Monday, January 28, 2008

Now Look at What Adam Smith is Blamed For This Time

Was Adam Smith the intellectual inspiration for the alleged wrongdoings of the French fund trader?

This is implied in today’s Daily Telegraph (here) under the title: ‘Phone records could be key to Kerviel case’ by Peter Allen:

A former colleague revealed that Mr Kerviel, who recently split from a partner, was "more interested in liberal economics than finding a new girlfriend.
The source added: "But you never saw him taking anyone out, and he didn't talk about girls. Recently he spen[t] all his spare time re-reading Adam Smith's Wealth of a Nation, which is his favourite book
."

Adam Smith's magnum opus, first published in 1776, is the first comprehensive defence of free market, liberal economics - the kind many French blame for making 'Anglo-Saxon' countries like Britain and America over-competitive, too hard working, obsessed with money, and ultimately corrupt and unpleasant to live in.
Yesterday the junior trader was expected to be charged with an array of complex financial offences and brought before a court in the French capital.
If found guilty of charges including computer misuse and forgery he could be facing a 15-year prison term
.”

Comment
Wow! Reading Wealth Of Nations drives you to arranging things to increase your own money wealth?

And note: it was his ‘re-reading’ Wealth Of Nations, not just reading it for the first time, that caused some sort of revelatory life-changing epiphany.

I am impressed. Can’t say reading Wealth Of Nations had that effect on me, though it’s early days, I suppose.
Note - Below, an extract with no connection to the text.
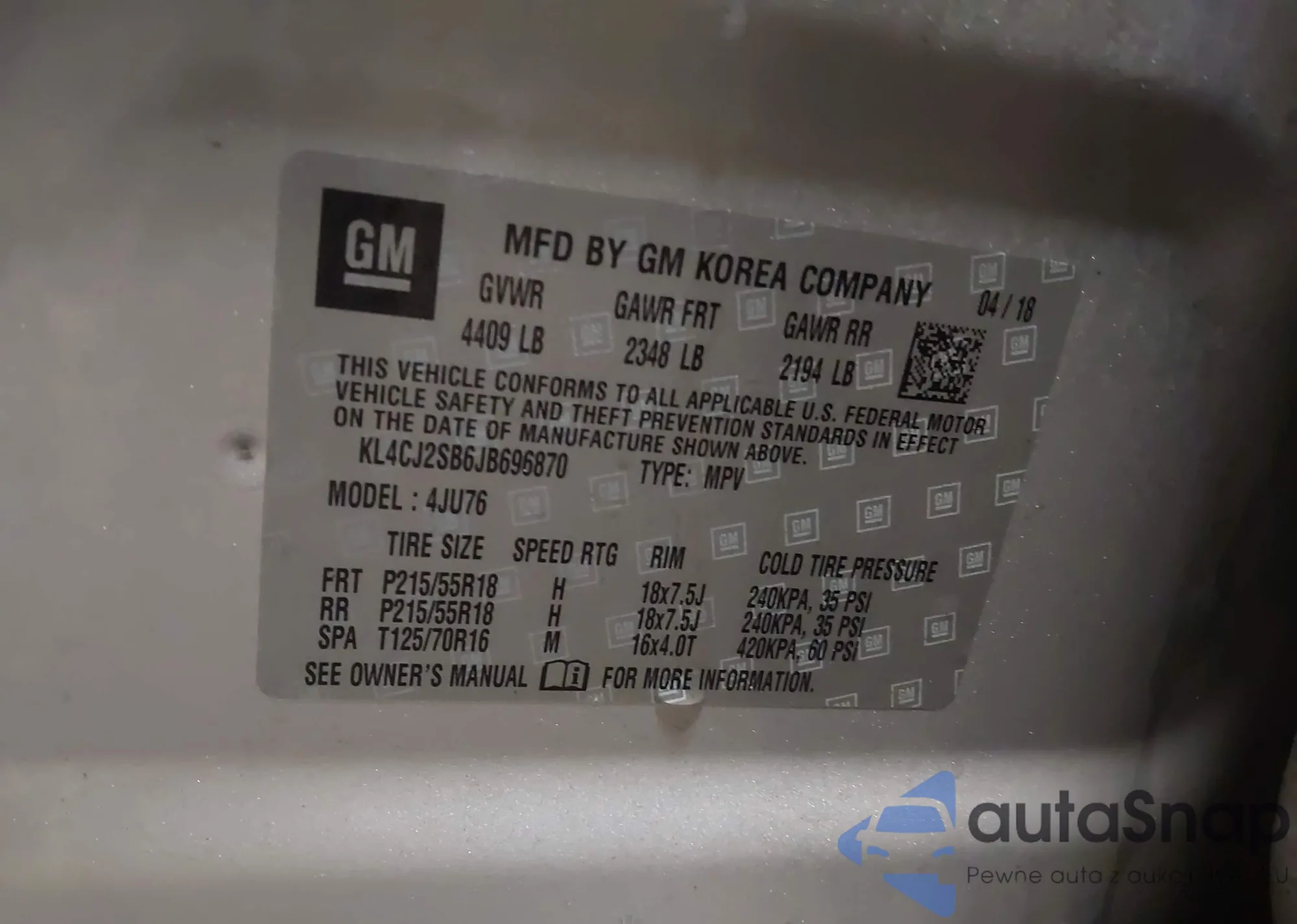 • VIN KL4CJ2SB6JB696870
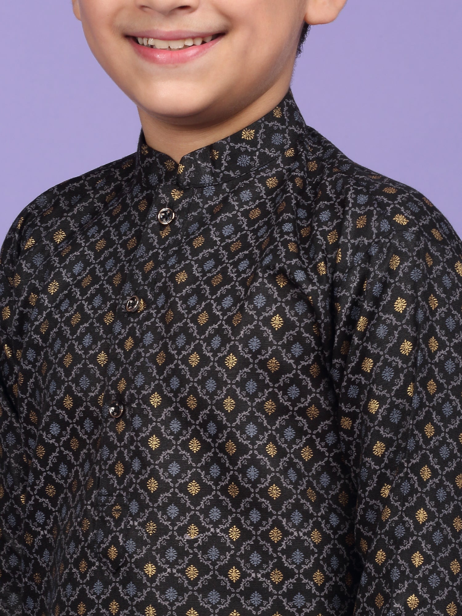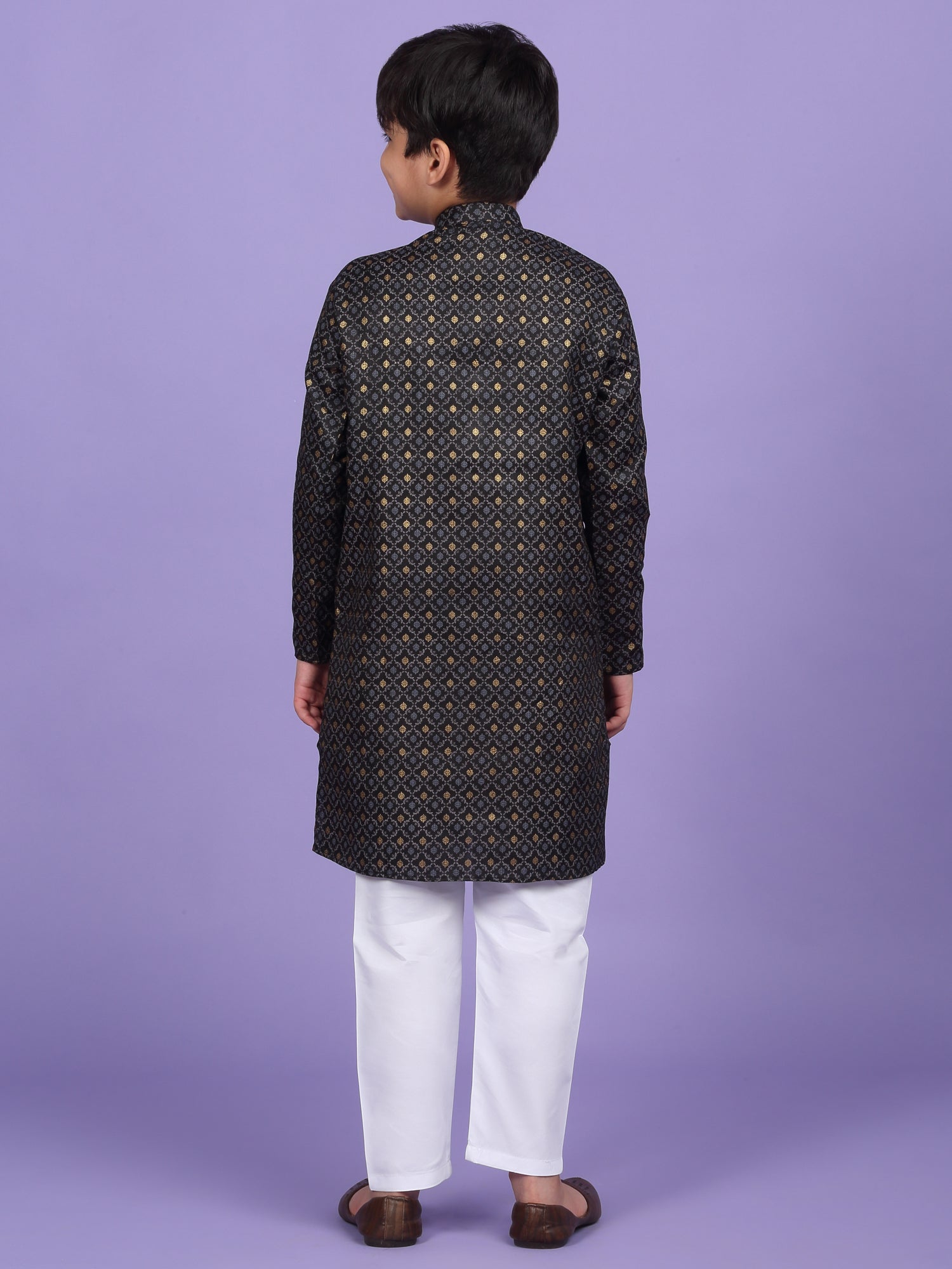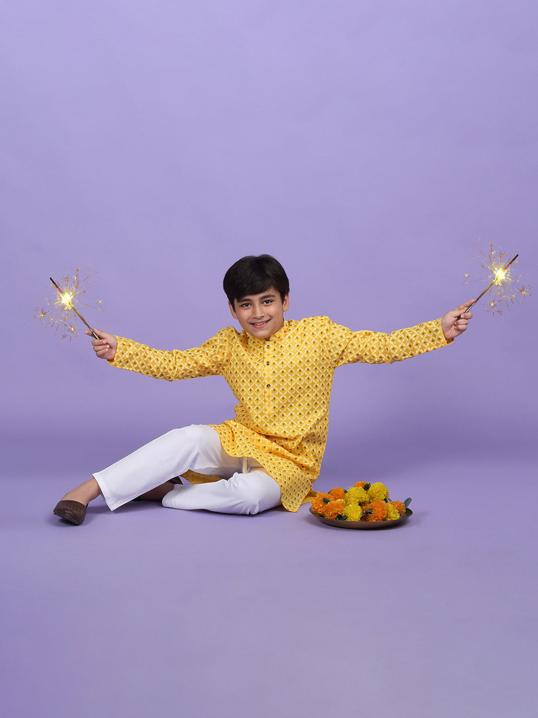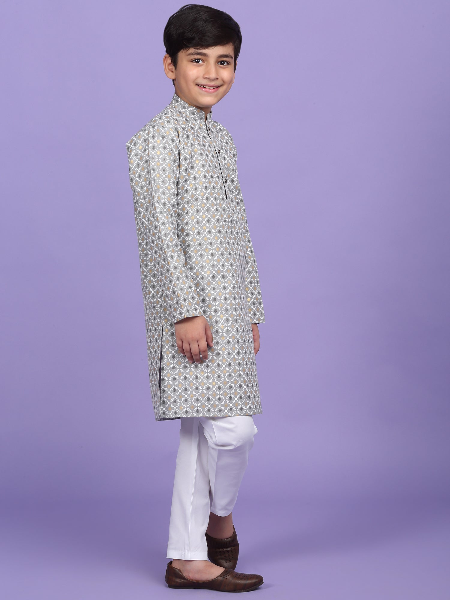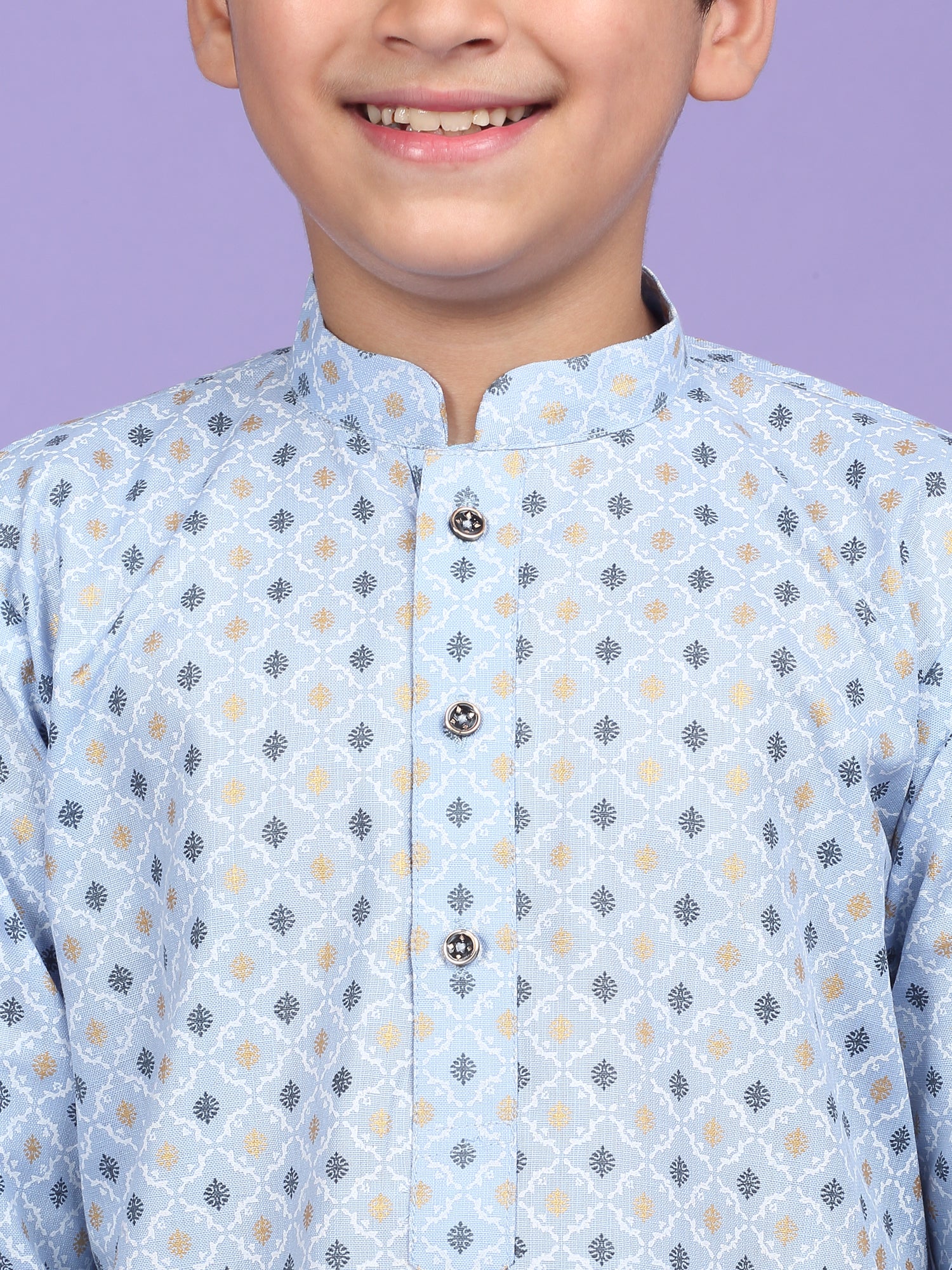Brighten up your child's festive wardrobe with this charming Floral Printed Kurta and Pyjama Set. Made from soft and breathable cotton, the kurta features an all-over floral print that adds a fresh, vibrant touch. Designed with a Mandarin collar, long sleeves, button front, and side pockets, it offers a perfect blend of comfort and ethnic elegance. The set is completed with a classic white pyjama, making it ideal for festivals, family functions, and cultural events.

Mostly, reading Adam Smith has had the opposite affect on me, especially when leavened with strong doses of Moral Sentiments, and its semi-mocking tone about ‘the poor man’s son [in my case, the poor mother’s son], whom heaven in its anger has visited with ambition, when he begins to look around him, admires the condition of the rich’ and ‘in the last dregs of life’ he ‘begins at last to find that wealth of greatness are mere trinkets of frivolous utility’ (TMS IV.1.8: p 180).

But then I live in one of the 'Anglo-Saxon' (plus Scotland) countries ‘too hard working’ [according to my family – reading Adam Smith, of course!], [not] obsessed with [the absence of] money and [not] ultimately corrupt and [Scotland is not an] unpleasant to live in.’